Gemma 3 1B model config.

Return type:: TransformerConfig

classmethod gemma3_4B(vocab_size=262208, **kwargs)[source]¶

Gemma 3 4B model config.

Return type:: TransformerConfig

classmethod gemma3_12B(vocab_size=262208, **kwargs)[source]¶

Gemma 3 12B model config.

Return type:: TransformerConfig

classmethod gemma3_27B(vocab_size=262208, **kwargs)[source]¶

Gemma 3 27B model config.

Return type:: TransformerConfig

classmethod llama_like(*, d_model, vocab_size, n_layers, n_heads, n_kv_heads=None, head_dim=None, gate=None, qk_norm=False, use_head_qk_norm=False, layer_norm_eps=1e-05, layer_norm_name=None, rope_theta=500000, rope_type=None, rope_full_precision=True, no_global_rope=False, hidden_size_multiple_of=256, hidden_size_multiplier=None, fused_ops=False, use_flash=None, attn_backend=None, sliding_window=None, block_name='default', block_mods=None, dtype='float32', rope_scaling=None, feed_forward=None, feed_forward_moe=None, **kwargs)[source]¶

Create a Llama-like model configuration.

Parameters:

hidden_size_multiple_of (int, default: 256) – Ensure the FFN hidden size is a multiple of this value.
hidden_size_multiplier (Optional[float], default: None) – Custom multiplier for the FFN hidden size.
fused_ops (bool, default: False) – Use fused operations where possible.
layer_norm_name (Optional[LayerNormType], default: None) – Override the layer norm implementation.
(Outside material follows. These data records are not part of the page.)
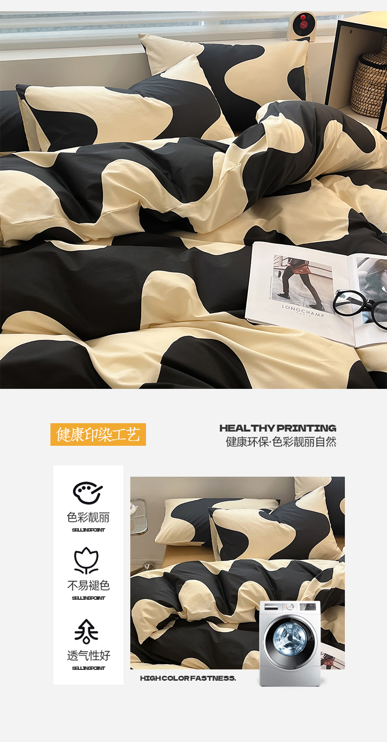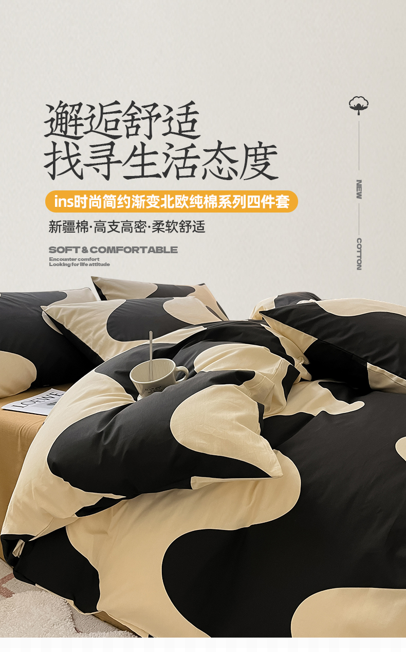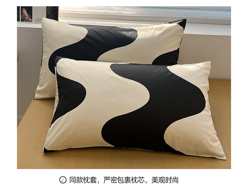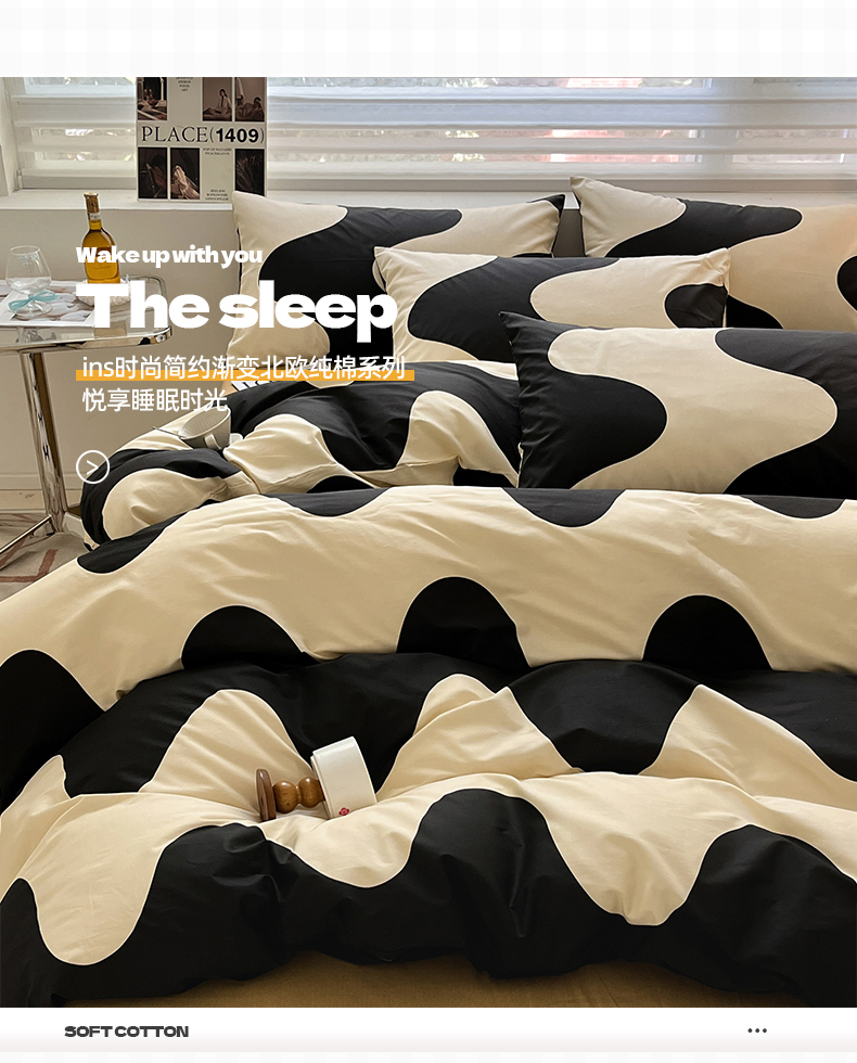 商品名称:2024新款ins时尚简约渐变北欧全棉系列四件套 棉-黑白波浪
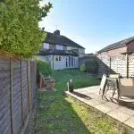The rear garden is mainly laid to lawn, with some mature shrubs and terraced areas.
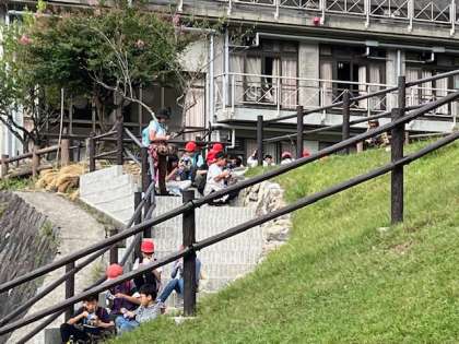 冒険の森での活動が終わり、おやつタイムでアイスクリームを食べました。

Defaults to LayerNormType.fused_rms when fused_ops=True, otherwise LayerNormType.rms.
block_mods (Optional[Dict[int, Callable[[TransformerBlockConfig], TransformerBlockConfig]]], default: None) – A dictionary of block indices to functions that take the base block config and return a modified block config.
dtype (DType, default: 'float32') – The default data type to use for all parameters.

Return type:

TransformerConfig

classmethod ngpt_like(*, d_model, vocab_size, n_layers, n_heads, n_kv_heads=None, qk_norm=True, rope_theta=500000, hidden_size_multiple_of=256, hidden_size_multiplier=None, use_flash=False, dtype='float32', **kwargs)[source]¶

Create an nGPT-like model configuration.

Return type:: TransformerConfig

classmethod gemma3_like(*, d_model, vocab_size, n_layers, n_heads, n_kv_heads, hidden_size, head_dim=None, gate=None, activation='gelu_tanh', local_window_size=1024, local_rope_theta=10000, global_rope_theta=1000000, global_layer_interval=6, layer_norm_eps=1e-06, fused_ops=False, use_flash=None, attn_backend=None, dtype='float32', **kwargs)[source]¶

Create a Gemma 3-like model configuration.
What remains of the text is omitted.